On Fri, Aug 8, 2014 at 12:38 PM, yaochunnan [via Apache Spark User List] <
ml-node+s1001560n11765...@n3.nabble.com> wrote:

> I think the eigenvalues and eigenvectors you are talking about is that of
> M^T*M or M*M^T, if we get M=U*s*V^T as SVD. What I want is to get
> eigenvectors and eigenvalues of M itself.
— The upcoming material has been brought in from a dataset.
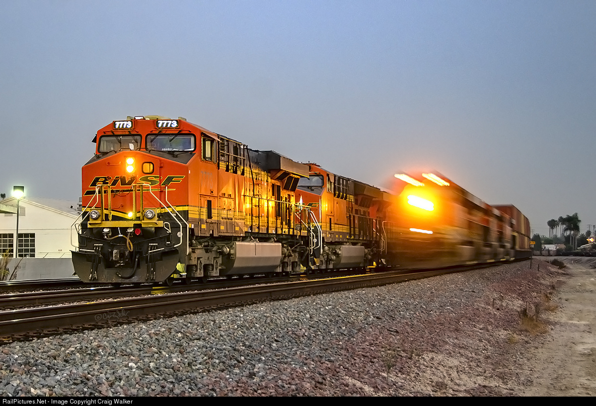 Just after sunset on another smoky day in the Western US, BNSF Railway train H-BARWAT1-12 (High Priority Merchandise, Barstow to Watson) is about to get overtaken by a higher priority westbound (the S-LPKSCO1-09, Intermodal Stacks, Logistics Park Kansas City KS to Long Beach CA). The BARWAT, with BNSF ES44DC 7773, ET44C4 3721 and BNSF 7729 for power (with BNSF ET44C4 3752 and 3745 on the rear) has been sitting at Basta, about a mile west of the Fullerton Amtrak station, for well over an hour at this point, having met or been overtaken by at least six BNSF, Amtrak and Metrolink trains. The S-LPKSCO has BNSF ES44AC 6041, ES44DC 7013, ES44AC 6171 and ES44C4 7114 on its headend. (Fullerton, California – September 12, 2020)

Is this my misunderstanding of
> linear algebra or the API?
>
> [image: M^{*} M = V \Sigma^{*} U^{*}\, U \Sigma V^{*} = V (\Sigma^{*}
> \Sigma) V^{*}\,] [image: M M^{*} = U \Sigma V^{*} \, V \Sigma^{*} U^{*} =
> U (\Sigma \Sigma^{*}) U^{*}\,]
>
>
>
> 2014-08-08 11:19 GMT+08:00 x <[hidden email]
> <http://user/SendEmail.jtp?type=node&node=11765&i=0>>:
>
> U.rows.toArray.take(1).foreach(println) and 
> V.toArray.take(s.size).foreach(println)
>> are not eigenvectors corresponding to the biggest eigenvalue
>> s.toArray(0)*s.toArray(0)?
>>
>> xj @ Tokyo
>>
>>
>> On Fri, Aug 8, 2014 at 12:07 PM, Chunnan Yao <[hidden email]
>> <http://user/SendEmail.jtp?type=node&node=11765&i=1>> wrote:
>>
>>> Hi there, what you've suggested are all meaningful. But to make myself
>>> clearer, my essential problems are:
>>> 1. My matrix is asymmetric, and it is a probabilistic adjacency matrix,
>>> whose entries(a_ij) represents the likelihood that user j will broadcast
>>> the information generated by user i. Apparently, a_ij and a_ji is
>>> different, caus I love you doesn't necessarily mean you love me(What a sad
>>> story~). All entries are real.
>>> 2. I know I can get eigenvalues through SVD. My problem is I can't get
>>> the corresponding eigenvectors, which requires solving equations, and I
>>> also need eigenvectors in my calculation.In my simulation of this paper, I
>>> only need the biggest eigenvalues and corresponding eigenvectors.
>>> The paper posted by Shivaram Venkataraman is also concerned about
>>> symmetric matrix. Could any one help me out?
>>>
>>>
>>> 2014-08-08 9:41 GMT+08:00 x <[hidden email]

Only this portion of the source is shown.